I do have the start of the locally stored method commented out below.

### Load API Token

In [None]:
load_dotenv()
hf_api_token = os.getenv('hf_token')

In [None]:
#add path to HF repo
repo_id = 'tiiuae/falcon-7b-instruct'

### Point to LLM Model

In [None]:
#establish llm model
llm = HuggingFaceHub(repo_id=repo_id, huggingfacehub_api_token=hf_api_token, model_kwargs={"temperature": 0.5, "max_length": 128})

### Setup Simple SQL Agent
Langchain has some awesome features, but I'll start with a simple chain that points to one table.
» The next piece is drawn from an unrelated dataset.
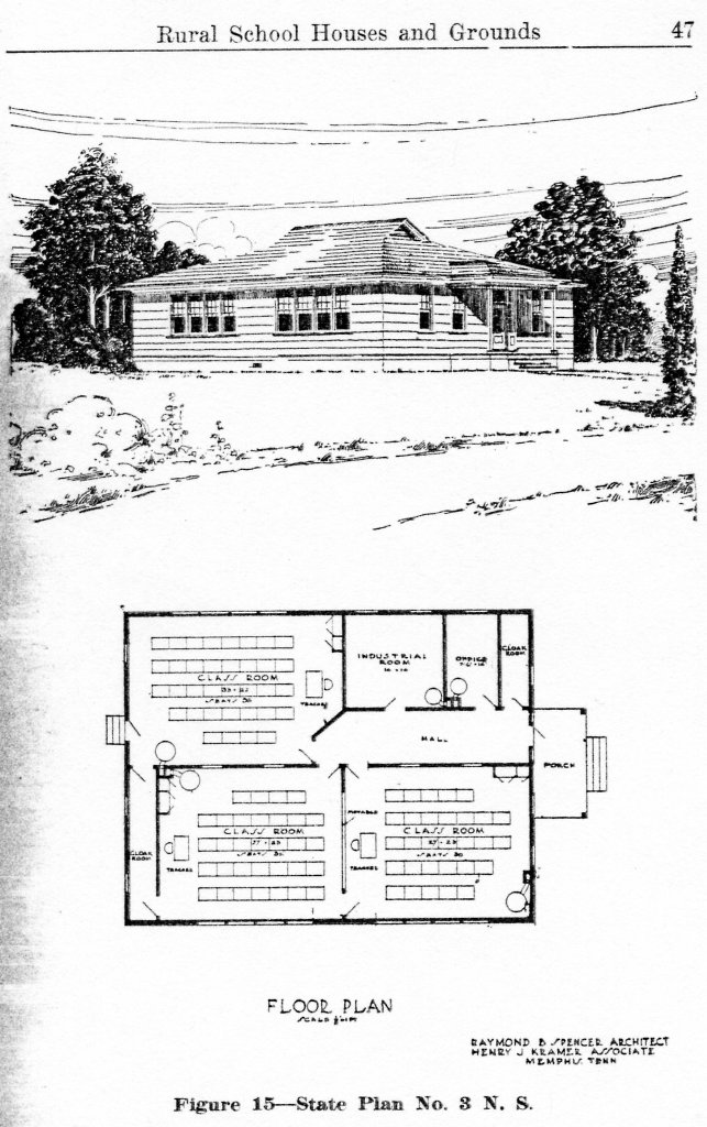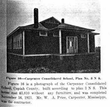 These plans had clearly already been used in actual construction when “Rural School Houses and Grounds” came out because the booklet includes photos of finished buildings like this one of the Carpenter School down near Utica (between Jackson and Port Gibson).
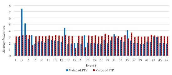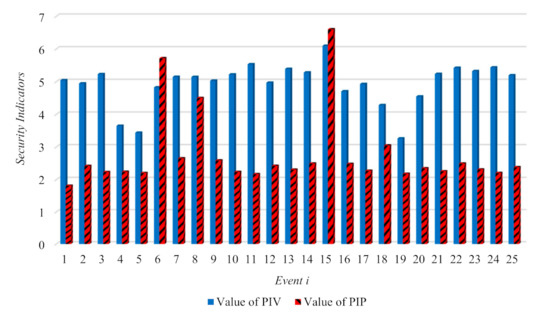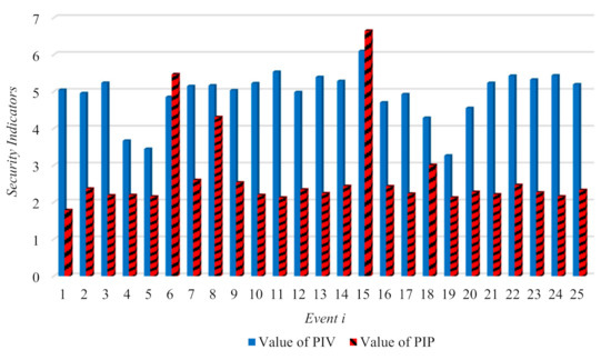 The values obtained for security indicators in the electrical network are given in Figure 7. In Figure 7, the first five events are related to the outage of generator and condenser units, while another 20 events are obtained from the outage of the lines. The values obtained in the bar charts are indicators for PIV and the PIP through the lines. When these values are larger, the outage conditions of the unit or the corresponding line becomes more sensitive. Based on the results, the highest values for the indicators introduced occurred at the outage of line 10, where this line is between buses 5 and 6. According to Figure 7, the outage of the above line creates a significant effect on the network, which is also confirmed by the obtained indicators.

First, I need to use the output of my vector db query to point to the sqlite database we want to work with.

#### Point to sqlite db location

In [None]:
BASE_DIR = os.path.dirname(os.path.abspath('../data/processed/db/department_management.sqlite'))
db_path = os.path.join(BASE_DIR, "department_management.sqlite")

db_path

#### Establish db

In [None]:
db = SQLDatabase.from_uri("sqlite:///" + db_path)

#### Create Prompt Template
I'll even specify the single table here to really spoon feed the model.

In [None]:
sql_agent_prompt_template = """You are an expert data analyst. Given an input question, first write a syntactically correct {dialect} query to run, then look at the results of the query and return and describe the answer.
Use the following format:

Question: Question here
SQLQuery: SQL Query to run
SQLResult: Result of the SQLQuery
Answer: Final answer here

Only use the following tables:
{table_info}

Question: {input}"""

In [None]:
sql_prompt = PromptTemplate(
    input_variables=["input", "table_info", "dialect"], template=sql_agent_prompt_template)

#### Setup db_chain

In [None]:
db_chain = SQLDatabaseChain.from_llm(llm, db, prompt=sql_prompt, verbose=True)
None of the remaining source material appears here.